CGI, Monsters, and Child Development

Wasn’t really sure where to put this, but it seems at face to be pretty mundane, and only pointless things usually interest me, so I puts it here.

About a week ago, I was driving down the street, taking my 3 year old daughter to daycare. She asked me “Dad, are giraffes real?” I said, “Of course they are baby.” She said “Ok. Giraffes are real. But elephants aren’t, right?” At this point, I feel like a failure as a parent and decide to take her to the Como Zoo in St Paul to rectify my parental errors.
Flash forward a week. I was watching a show on the Discovery Channel yesterday with my daughter. In the show, they were excavating Plesiosaurus remains, and shots of the excavation were intercut with CGI renditions of what the creature would have looked like in the flesh. My daughter asks, “Do those live around here dad?”. I told her no, theyve been gone for a long time. She looked perplexed at this, and pointed to the screen and said, “but there’s one right there.”

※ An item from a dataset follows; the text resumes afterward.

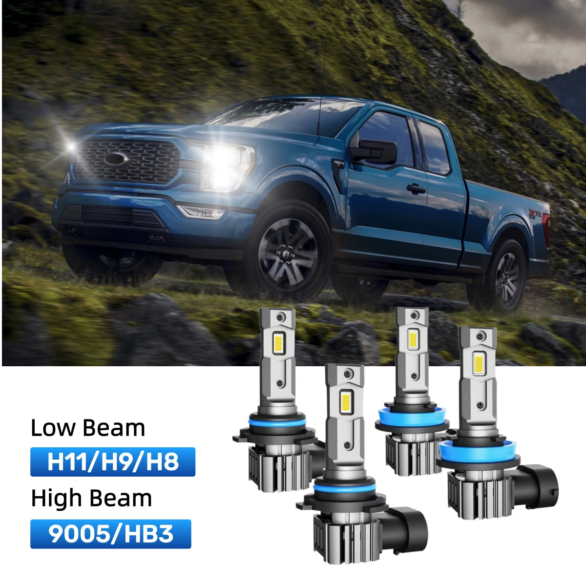 Our LED headlight bulbs, specifically designed for 2021-2023 Ford F-150 models, feature a precise optical design with a sharp tangent line, providing an ideal beam pattern. This is an efficient way of avoiding the glare of other cars coming towards them, thus enhancing packaging safety when on the road.

Later, while showing her pictures of dinosaurs online, we found this one. Needless to say, it didn’t help me persuade her that dinosaurs were extinct and therefore would not be appearing in her bedroom that evening.
It occured to me that when I was a child (I was born in 1980), it was very easy to determine real from fake on television. Star Wars did not really look real; at no point was I confused or concerned by this. Same with any other example I can think of; Jaws scared me because of the blood guts and gore, not because the shark looked particularly real.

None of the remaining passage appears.